▸ **EXCERPTED RECORDS**:
───

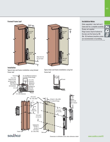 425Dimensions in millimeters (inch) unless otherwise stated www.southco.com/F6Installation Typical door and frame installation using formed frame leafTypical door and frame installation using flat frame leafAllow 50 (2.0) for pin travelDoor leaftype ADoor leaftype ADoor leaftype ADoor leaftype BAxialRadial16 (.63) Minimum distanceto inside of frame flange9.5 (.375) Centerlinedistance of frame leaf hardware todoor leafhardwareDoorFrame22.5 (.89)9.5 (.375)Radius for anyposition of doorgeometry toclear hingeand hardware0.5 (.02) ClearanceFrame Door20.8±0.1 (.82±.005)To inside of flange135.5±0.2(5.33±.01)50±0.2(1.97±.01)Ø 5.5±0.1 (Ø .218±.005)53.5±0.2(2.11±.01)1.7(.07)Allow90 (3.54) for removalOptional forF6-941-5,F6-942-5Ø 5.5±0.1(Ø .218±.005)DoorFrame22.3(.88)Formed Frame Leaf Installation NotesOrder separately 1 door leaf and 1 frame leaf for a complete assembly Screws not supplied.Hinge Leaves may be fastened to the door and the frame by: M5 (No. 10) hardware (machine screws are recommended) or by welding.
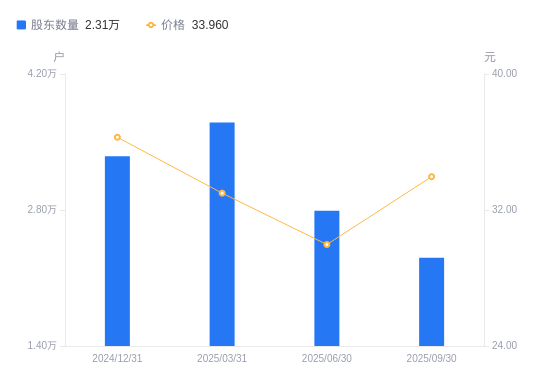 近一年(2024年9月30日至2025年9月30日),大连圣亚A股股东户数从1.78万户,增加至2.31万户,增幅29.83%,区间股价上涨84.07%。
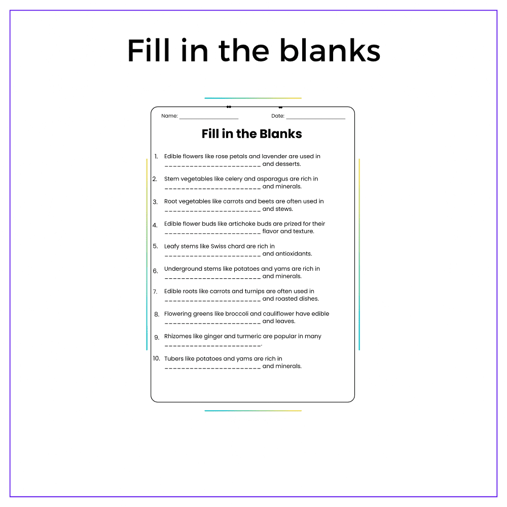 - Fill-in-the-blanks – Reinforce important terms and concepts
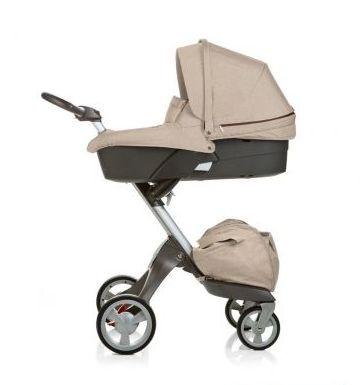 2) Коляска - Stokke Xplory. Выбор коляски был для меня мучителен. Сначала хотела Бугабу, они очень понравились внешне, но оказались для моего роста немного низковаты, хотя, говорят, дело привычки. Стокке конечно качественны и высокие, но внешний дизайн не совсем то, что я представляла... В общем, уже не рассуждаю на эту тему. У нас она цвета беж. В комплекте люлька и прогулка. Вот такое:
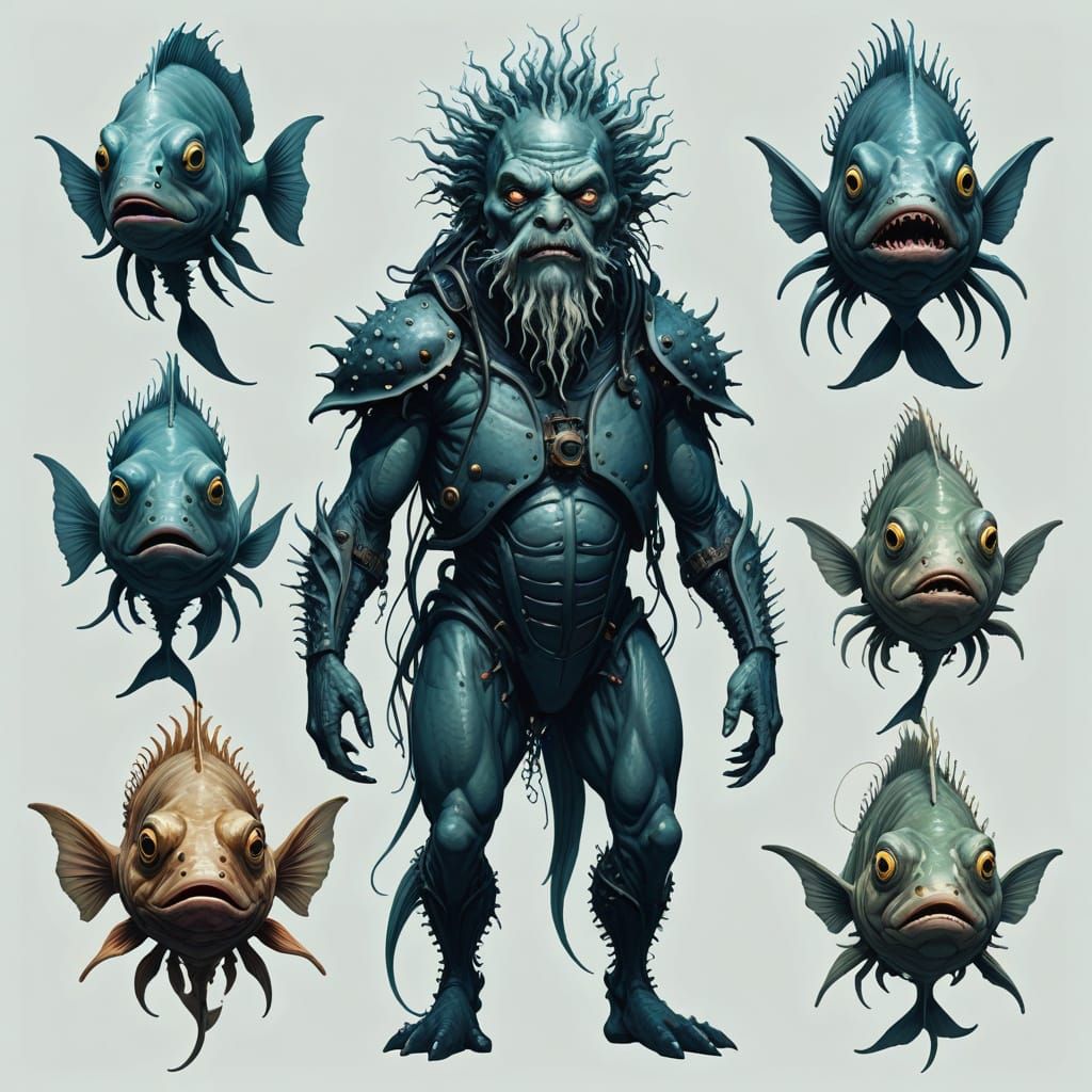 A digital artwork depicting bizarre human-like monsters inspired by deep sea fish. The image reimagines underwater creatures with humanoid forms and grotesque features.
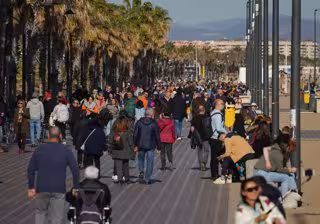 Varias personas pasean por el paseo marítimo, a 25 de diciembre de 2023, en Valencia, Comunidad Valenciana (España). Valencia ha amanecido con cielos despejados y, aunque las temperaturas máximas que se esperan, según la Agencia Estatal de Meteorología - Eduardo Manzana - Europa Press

───

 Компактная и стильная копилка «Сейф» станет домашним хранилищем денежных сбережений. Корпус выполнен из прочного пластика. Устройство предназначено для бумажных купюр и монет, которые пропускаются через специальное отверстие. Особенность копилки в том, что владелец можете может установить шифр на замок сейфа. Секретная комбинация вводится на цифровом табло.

───

▸ **WORK INSTRUCTIONS**: Exactly reproduce the lines above, starting at the one that contains "近一年(2024年9月30日" and ending at the one that contains "2) Коляска - Stokke", both inclusive; leave the pictures out and add no other lines.

▸ **THE COMPLETED TASK**:
 近一年(2024年9月30日至2025年9月30日),大连圣亚A股股东户数从1.78万户,增加至2.31万户,增幅29.83%,区间股价上涨84.07%。
 - Fill-in-the-blanks – Reinforce important terms and concepts
 2) Коляска - Stokke Xplory. Выбор коляски был для меня мучителен. Сначала хотела Бугабу, они очень понравились внешне, но оказались для моего роста немного низковаты, хотя, говорят, дело привычки. Стокке конечно качественны и высокие, но внешний дизайн не совсем то, что я представляла... В общем, уже не рассуждаю на эту тему. У нас она цвета беж. В комплекте люлька и прогулка. Вот такое:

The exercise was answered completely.